Rare first edition of this anti-Jesuit pamphlet, usually attributed to the multiple apostate Christian Francke(n) from Gardeleben in Brandenburg, who included it in his 1581 "Colloquium Jesuiticum", also published by Perna (cf. de Backer/S. II, 930). In fact, Francke did not leave the Jesuit order until 1579 and probably merely anthologized the text. More persuasively, Manfred Edwin Welti has argued for identifying the author with the Prague ex-Jesuit Adam Höller who renounced Catholicism in 1569 and died of the plague in Vienna in 1570 (Höller = Heller = bright = Albutius; Paulus = the convert). "When Höller apostacized, he bade his farewell not with a slam of the door but with a cautionary missive to his former friars and to the Pope [...] First, he praises the Jesuits for their regeneration of the 'bonae literae', then criticises the order's total devotion to the Pope and castigates their condemnation and persecution of parts of Christianity as heretics. He reminds the Jesuits not to bolster Papal power but to live in Christian humility. Their sophistry, he says, will not do to fulfill the divine commandments. His epistle closes with a long apology of clerical marriage, condemning enforced celibacy" (cf. Welti, p. 145f.). The publication of this work, issued under a false author's and printer's name, was liaised by the humanist G. B. Bonifacio (1517-97), who in his old age tended towards excessively idealized notions of concealment: during a stay at Vienna in 1570-73 he was given the manuscript for publication and passed it along to Basilius Amerbach, who finally persuaded Perna to print the pamphlet ("Gotthard" = "hard in God" = Petrus; "Vilarmus" = "phil-harmos" = "lover of cracks" = buttock = Perna). It may be noted that this rather ingenious attribution is supported by type analysis (cf. Welti, p. 144, note 13a).

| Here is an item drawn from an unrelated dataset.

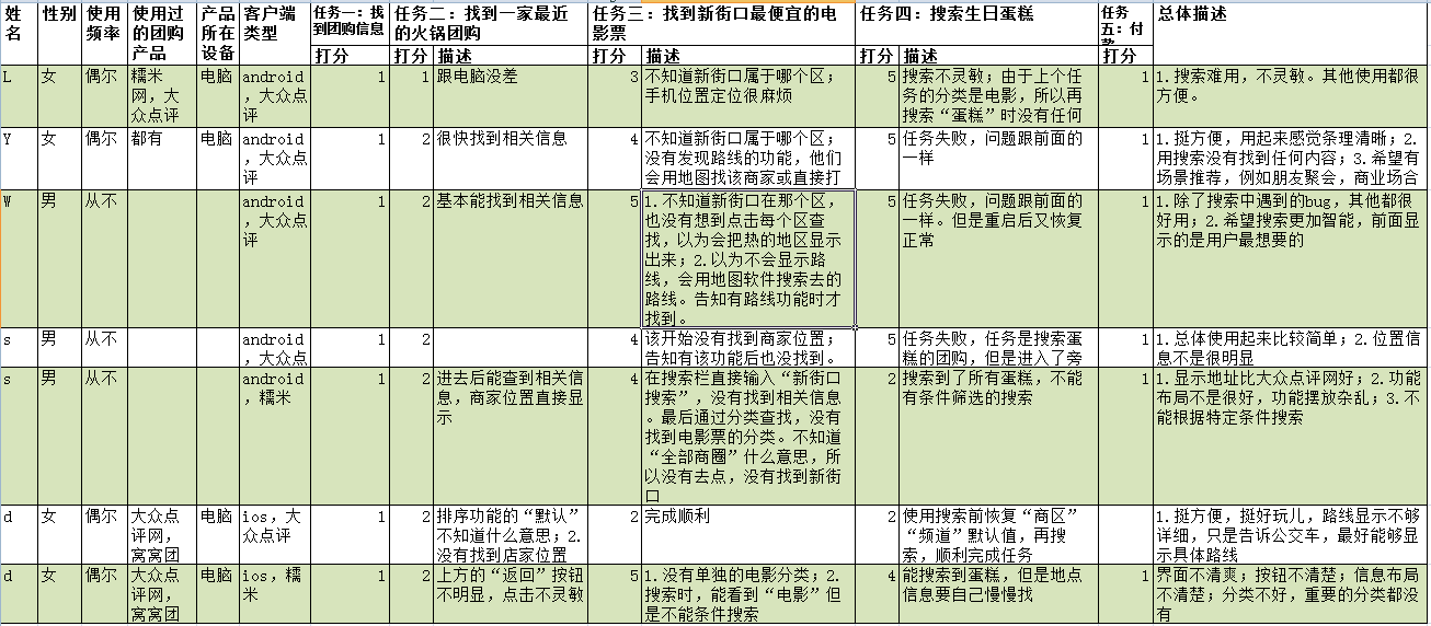 这组实验主要检查大众点评客户端的可用性,其次对比糯米客户端,比较优缺点。由于这些软件的功能相对简单,学习成本很低,使用过一次后,都能记住怎么使用,所以选择的都是没有使用过这些软件的新手用户,找到第一次使用的问题。另外,选择了用户会使用到的典型功能(实际情况下不能真正付款,所以只是做到下订单的一步),另外图片都是android手机上的。

Insignificant water- and duststaining; contemporary underlinings and slight worming throughout. Not a single copy in the trade since 1950.
VD 16, ZV 6021 (a single record in Gotha). Adams A 569. BM-STC French 8. BM-STC German 17. OCLC 40929573, 257439618. Welti, Giovanni Bernardino Bonifacio: Marchese d'Oria, im Exil 1557-1597 (1976), pp. 143-146. Cf. Weller (Pseud.) 13; Holzmann/B. (Pseud.) 7 (both citing Christian Francken as the author).